Esos cambios han sido evidentes en la composición de los conglomerados de algas de agua dulce, moscas acuáticas y larvas de esos insectos, señalaron.
El estudio de la influencia del calentamiento global en el hábitat ártico cubre cinco países que rodean al Polo Norte hasta 30 grados de latitud para cubrir bosques boreales y ecosistemas de la tundra ártica.
"Se trata de una importante recopilación de datos (que señalan) que la intervención humana está afectando los ecosistemas en una escala profunda", comentó el biólogo de Queen University, en Canadá, John Smol.
Esa conclusión fue extraída del trabajo de 26 investigadores de Canadá, Finlandia, Noruega, Reino Unido y Rusia, que prepararon 55 perfiles históricos de restos de algas e invertebrados encontrados en los sedimentos de 46 lagos árticos.
El estudio muestra que el cambio climático ha prolongado la duración de los veranos y reducido la capa de hielo que cubre gran parte del Ártico, indicó el estudio.

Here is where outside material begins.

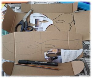 1. אם יש מדפסת, אפשר להדפיס דוגמה של מסכה, או לצייר, ולגזור מסביב. אני מקפלת תמיד את הנייר לשניים וגוזרת כך שהצדדים שווים.

Esto, a su vez, ha extendido el tiempo de desarrollo para organismos lacustres altamente sensibles y la apertura de nuevos hábitat.
"Las regiones polares son las primeras que muestran los signos del calentamiento climático y, por lo tanto, se les considera centinelas del cambio ambiental", indicó Alexander Wolfe, geólogo de la Universidad de Alberta, también en Canadá.
Según Kathleen Ruhland, bióloga de Queen University, "el momento de estos cambios sin duda confirma la intervención del ser humano".
Los científicos indicaron que hay una zona subártica canadiense, en la Península del Labrador y el norte de la provincia de Québec, que parece no haber sufrido cambios, lo cual representaría una importante región de control para la investigación.
El hecho de que no haya indicios de cambio biológico confirma la conclusión que se ha inferido sobre el calentamiento global en otras áreas.
"Los cambios allí no han sido causados por la deposición de contaminantes atmosféricos", manifestó por otro lado Reinhard Pienitz, biólogo de la Universidad Laval de Québec.
La investigación advierte de que tal vez muy pronto sea imposible encontrar "ambientes árticos prístinos, no tocados por el calentamiento climático".
Según la Organización Meteorológica Mundial (OMM) en el siglo XX la temperatura aumentó en mas de 0.6 centígrados, el mayor crecimiento se produjo a partir de 1976 cuando se elevó a un ritmo tres veces mayor de lo previsto.
La década de los 90, la más cálida del milenio, estuvo marcada por el año de mayor temperatura desde 1860.